**EXERCISE REQUIREMENTS**
Every record below must be returned word for word, with the pictures left out.
—————
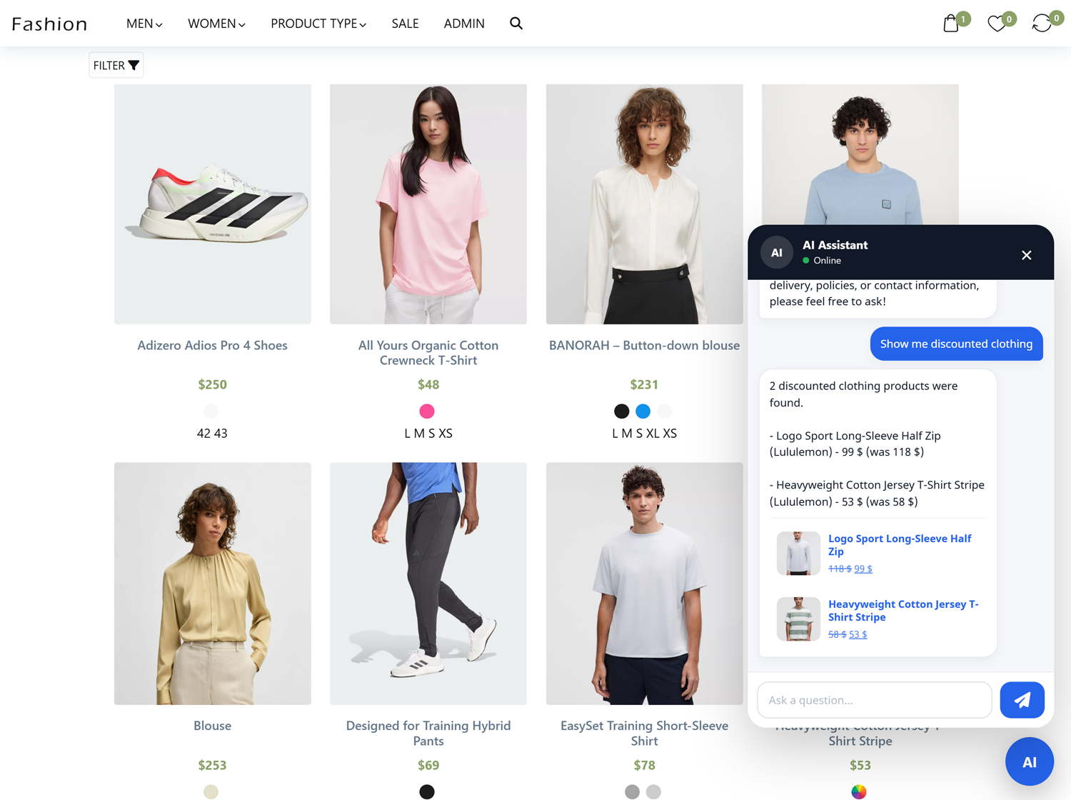 Turn your website into a smart AI assistant that understands questions, finds products, and answers with context.
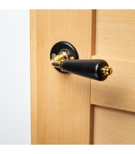 Poignée sur rosace MERIGOUS Porcelaine noir laitonné, porcelaine de limoges sans trou
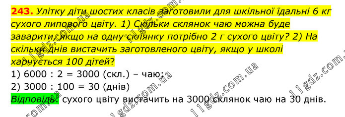 Улітку діти шостих класів заготовили для шкільної їдальні 6 кг сухого липового цвіту. 1) Скільки склянок чаю можна буде заварити, якщо на одну склянку потрібно 2 г сухого цвіту? 2) На скільки днів вистачить заготовленого цвіту, якщо у школі харчується 100 дітей? 1) 6000 : 2 = 3000 (скл.) – чаю; 2) 3000 : 100 = 30 (днів) Відповідь: сухого цвіту вистачить на 3000 склянок чаю на 30 днів.
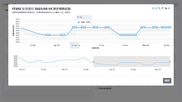 進階查詢中的票價軌跡皆為完整呈現,目前首頁的查詢只會呈現最近的10筆
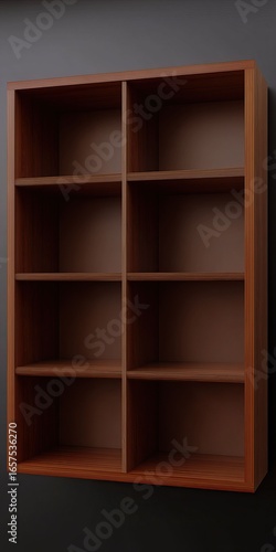© trustmastertx, Fototapeta premium A wooden shelving unit with eight empty compartments against a dark, neutral-toned wall
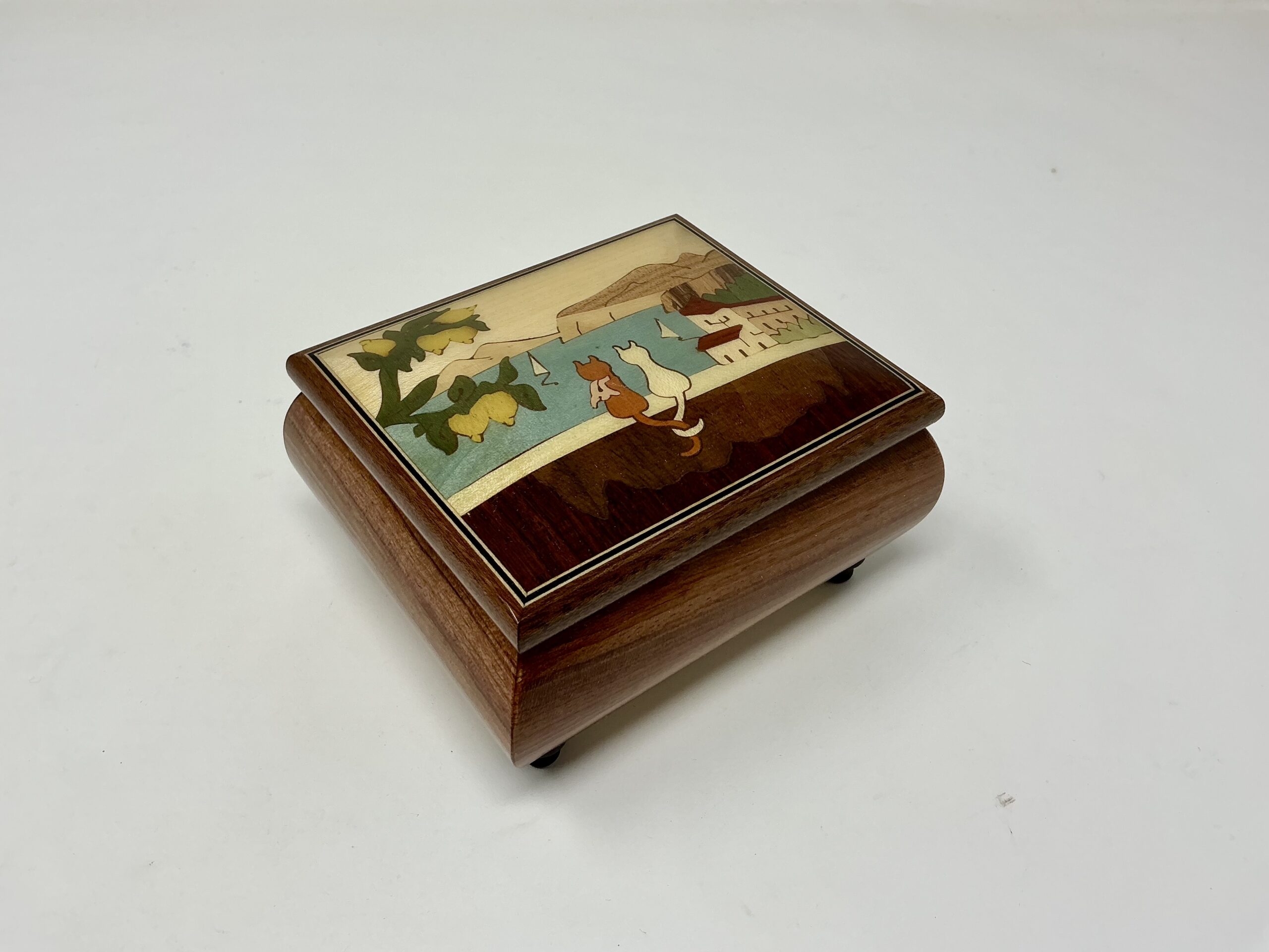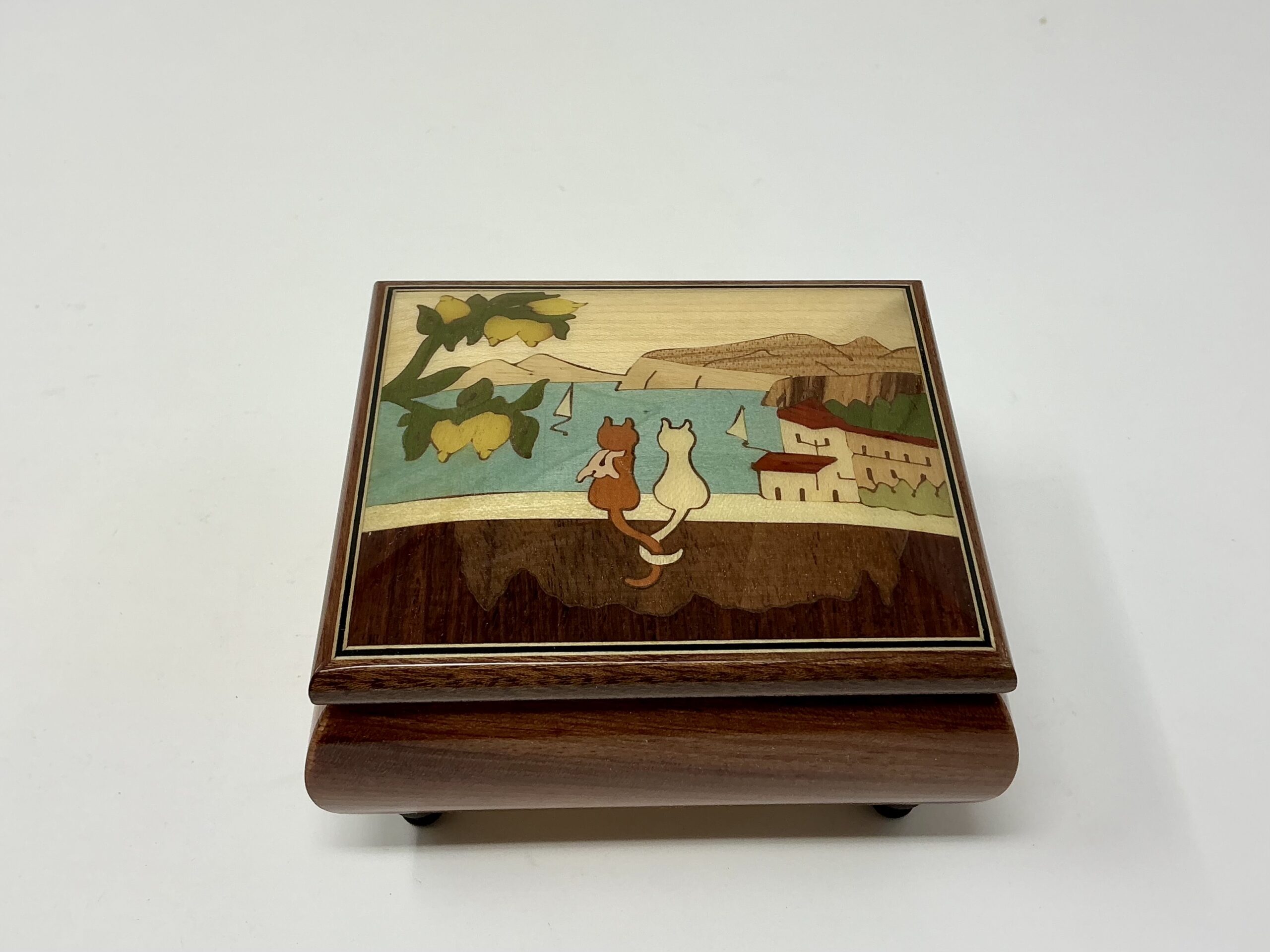 Presenta un bellissimo intarsio raffigurante due gattini con la meravigliosa città di Sorrento ed il Vesuvio sullo sfondo.
—————
**ANSWER SPACE**
 Turn your website into a smart AI assistant that understands questions, finds products, and answers with context.
 Poignée sur rosace MERIGOUS Porcelaine noir laitonné, porcelaine de limoges sans trou
 Улітку діти шостих класів заготовили для шкільної їдальні 6 кг сухого липового цвіту. 1) Скільки склянок чаю можна буде заварити, якщо на одну склянку потрібно 2 г сухого цвіту? 2) На скільки днів вистачить заготовленого цвіту, якщо у школі харчується 100 дітей? 1) 6000 : 2 = 3000 (скл.) – чаю; 2) 3000 : 100 = 30 (днів) Відповідь: сухого цвіту вистачить на 3000 склянок чаю на 30 днів.
 進階查詢中的票價軌跡皆為完整呈現,目前首頁的查詢只會呈現最近的10筆
© trustmastertx, Fototapeta premium A wooden shelving unit with eight empty compartments against a dark, neutral-toned wall
 Presenta un bellissimo intarsio raffigurante due gattini con la meravigliosa città di Sorrento ed il Vesuvio sullo sfondo.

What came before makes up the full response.